In Hellenistic imagery, Hera's chariot was pulled by peacocks, birds not known to Greeks before the conquests of Alexander. Alexander's tutor, Aristotle, refers to it as "the Persian bird." The peacock motif was revived in the Renaissance iconography that unified Hera and Juno, which European painters focused on. A bird that had been associated with Hera on an archaic level, where most of the Aegean goddesses were associated with "their" bird, was the cuckoo, which appears in mythic fragments concerning the first wooing of a virginal Hera by Zeus.

Her archaic association was primarily with cattle, as a Cow Goddess, who was especially venerated in "cattle-rich" Euboea. On Cyprus, very early archaeological sites contain bull skulls that have been adapted for use as masks (see Bull (mythology)). Her familiar Homeric epithet Boôpis, is always translated "cow-eyed". In this respect, Hera bears some resemblance to the Ancient Egyptian deity Hathor, a maternal goddess associated with cattle.

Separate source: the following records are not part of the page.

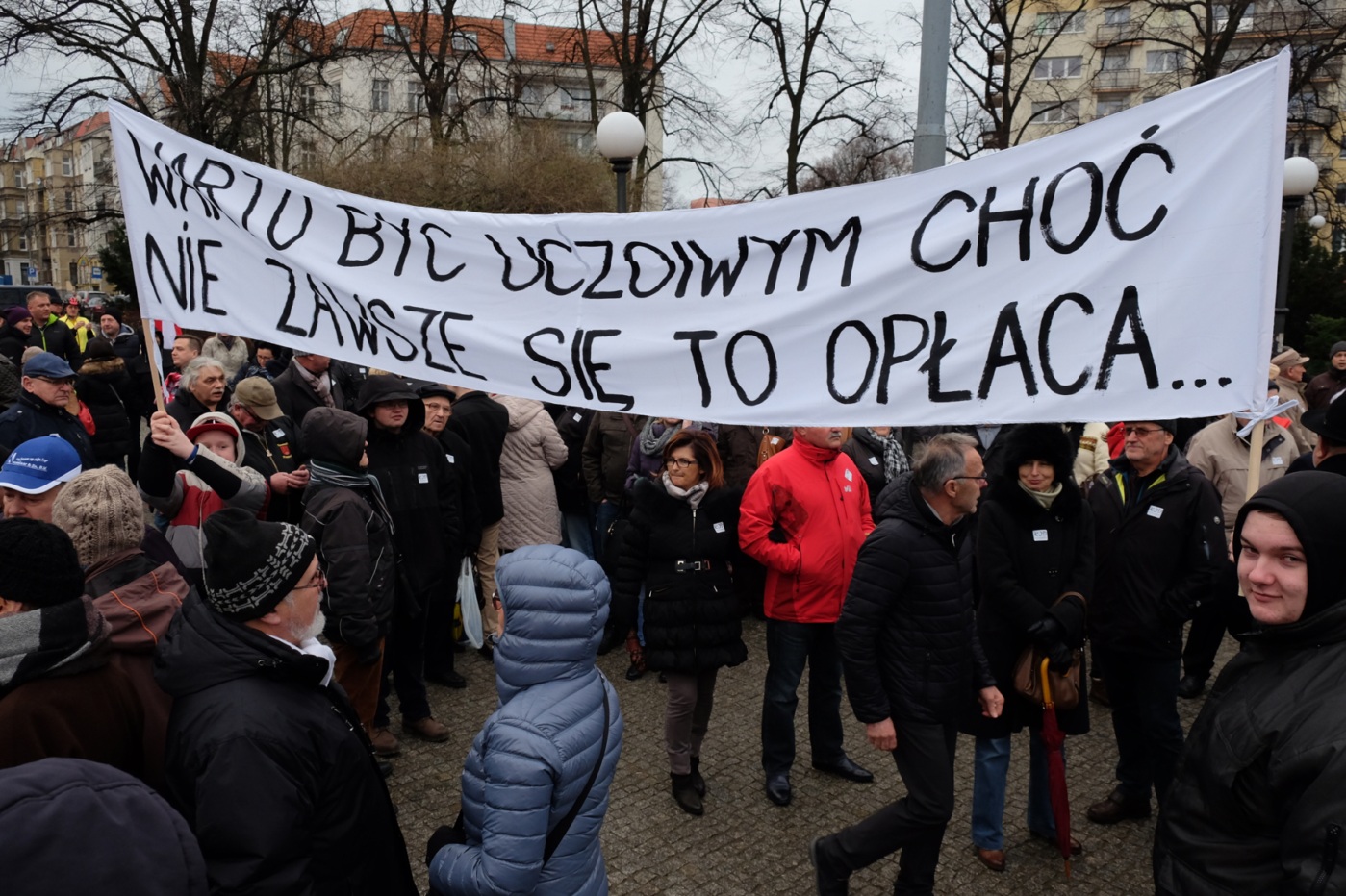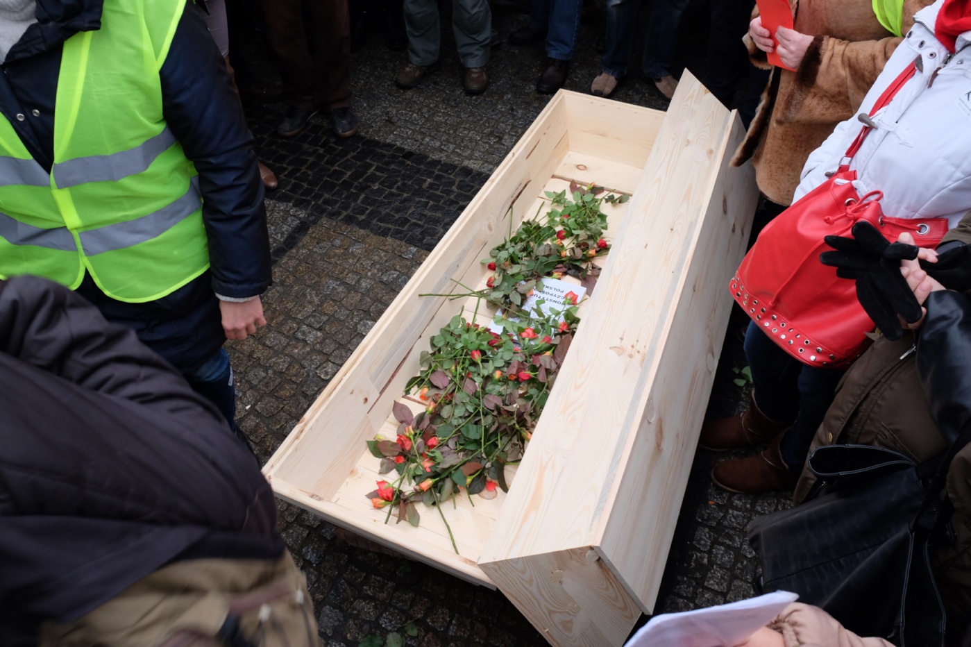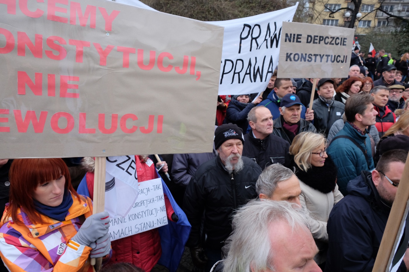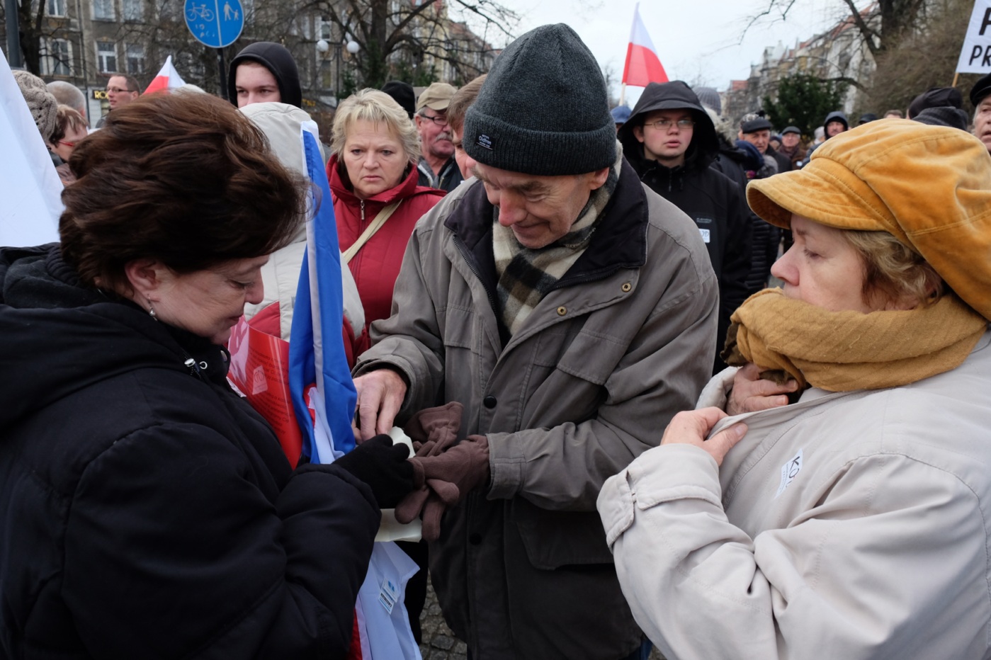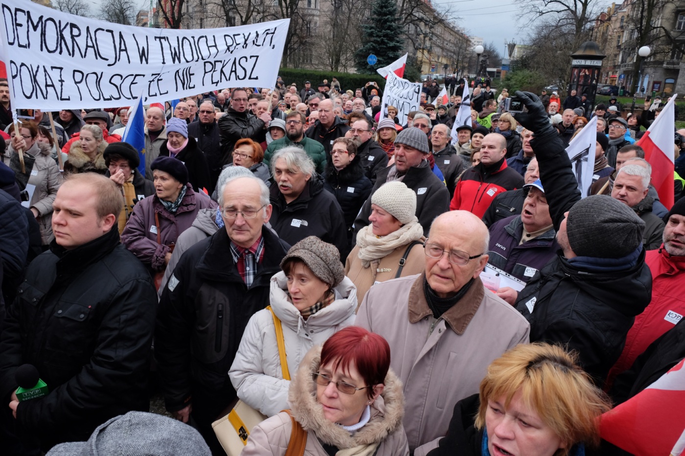 Kilkaset osób zebrało się w niedzielę (12.12.2015 r.) na pl. Grunwaldzkim w Szczecinie. Był to happening Komitetu Obrony Demokracji, który nie zgadza się z polityką rządu Prawa i Sprawiedliwości. W symbolicznej trumnie złożono Konstytucję RP.
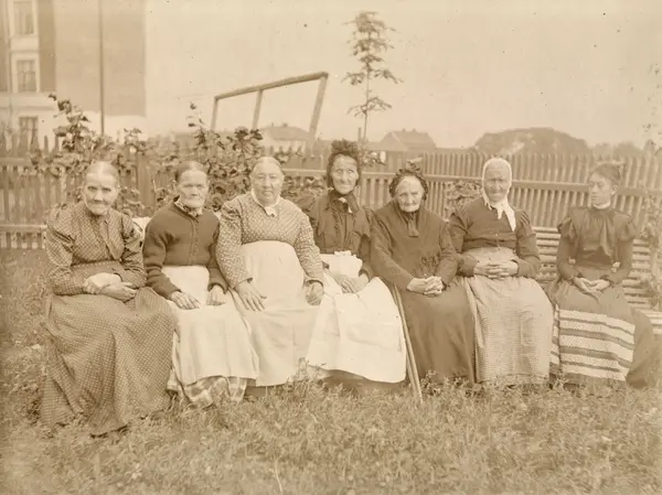 hage, benk, gruppe, gamle kvinner6, kvinneforening, prestefrue
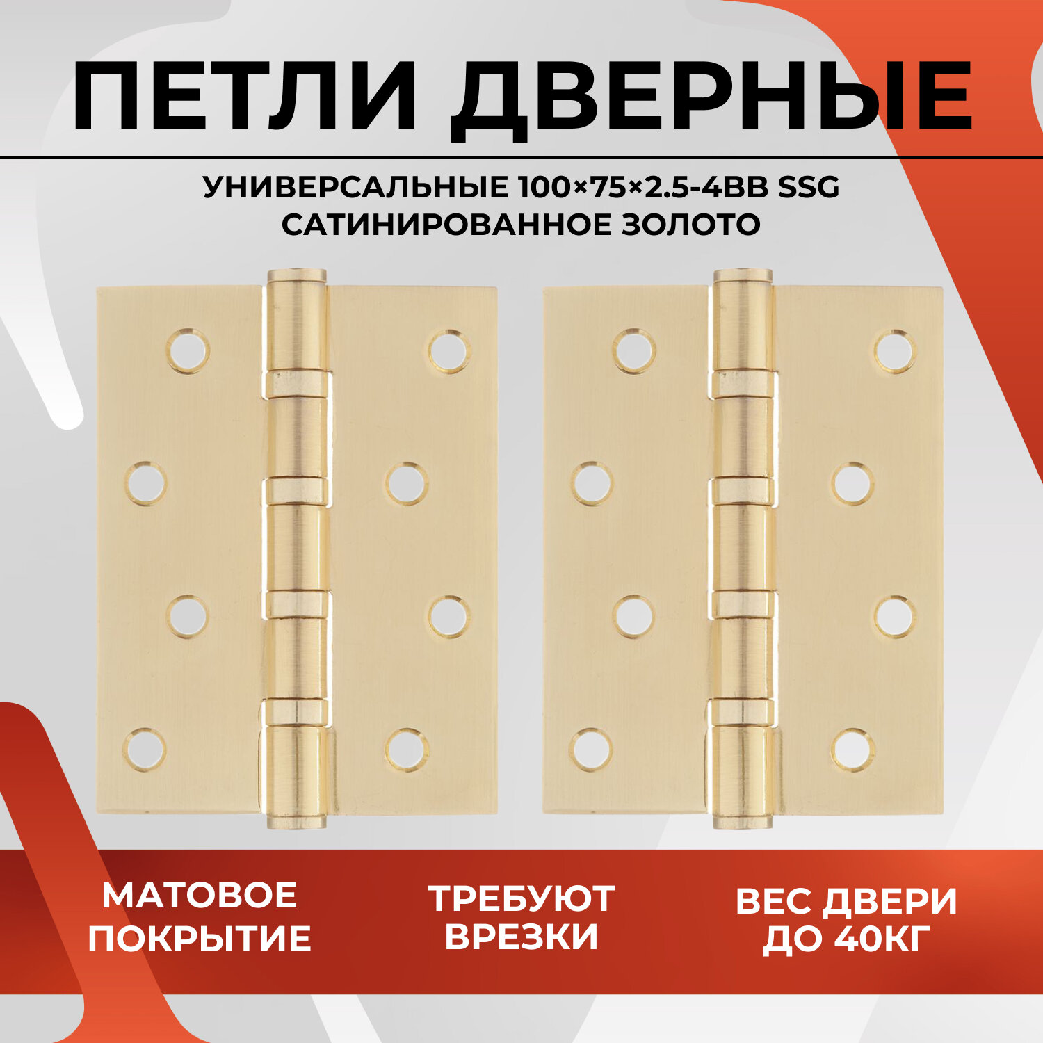 Сохранить20579 Дверная петля универсальная карточная VETTORE 100x75x2.5 - 4BB SSG Матовое золото, навес для двери до 40 кг интересное:

Scholar of Greek mythology Walter Burkert writes in Greek Religion, "Nevertheless, there are memories of an earlier aniconic representation, as a pillar in Argos and as a plank in Samos."

Epithets
Hera bore several epithets in the mythological tradition, including:
 Ἀλέξανδρος (Alexandros) 'Protector of Men' (Alexandros) (among the Sicyonians)
 Αἰγοφάγος (Aigophágos) 'Goat-Eater' (among the Lacedaemonians)
 Ἀκραῖα (Akráia) '(She) of the Heights'
 Ἀμμωνία (Ammonia)
 Ἄνθεια (Antheia), meaning flowery
 Ἀργεία (Argéia) '(She) of Argos'
 Βασίλεια (Basíleia) 'Queen'
 Βουναία (Bounáia) '(She) of the Mound' (in Corinth)
 Βοῶπις (Boṓpis) 'Cow-Eyed' or 'Cow-Faced'
 Λευκώλενος (Leukṓlenos) 'White-Armed'
 Παῖς (Pais) 'Child' (in her role as virgin)
 Παρθένος (Parthénos) 'Virgin'
 Τελεία (Teléia) (as goddess of marriage)
 Χήρη (Chḗrē) 'Widowed'
 Τελχινία (Telchinia), Diodorus Siculus write that she was worshiped by the Ialysians and the Cameirans (both were on the island of Rhodes). She was named like that because according to a legend, Telchines (Τελχῖνες) were the first inhabitants of the island and also the first who created statues of gods.
 Ζυγία (Zygia), as the presider over marriage. Her husband Zeus had also the epithet Zygius (Ζυγίος). These epithets describing them as presiding over marriage.

Mythology

Birth

Hera is the daughter of the youngest Titan Cronus and his wife, and sister, Rhea. Cronus was fated to be overthrown by one of his children; to prevent this, he swallowed all of his newborn children whole until Rhea tricked him into swallowing a stone instead of her youngest child, Zeus. Zeus grew up in secret and when he grew up he tricked his father into regurgitating his siblings, including Hera. Zeus then led the revolt against the Titans, banished them, and divided the dominion over the world with his brothers Poseidon and Hades.

However, other traditions indicate that, like Zeus and Poseidon, Hera may not have been swallowed by Cronus. Pausanias states that she was nursed as an infant by the three daughters of the river Asterion: Euboia, Prosymna, and Akraia. Furthermore, in the Iliad, Hera states she was given by her mother to Tethys to be raised: "I go now to the ends of the generous earth on a visit to the Ocean, whence the gods have risen, and Tethys our mother who brought me up kindly in their own house, and cared for me and took me from Rheia, at that time when Zeus of the wide brows drove Kronos underneath the earth and the barren water."

Marriage with Zeus
Hera is the goddess of marriage and childbirth rather than motherhood, and much of her mythology revolves around her marriage with her brother Zeus. She is charmed by him and she seduces him; he cheats on her and has many children with other goddesses and mortal women; she is intensely jealous and vindictive towards his children and their mothers; he is threatening and violent to her.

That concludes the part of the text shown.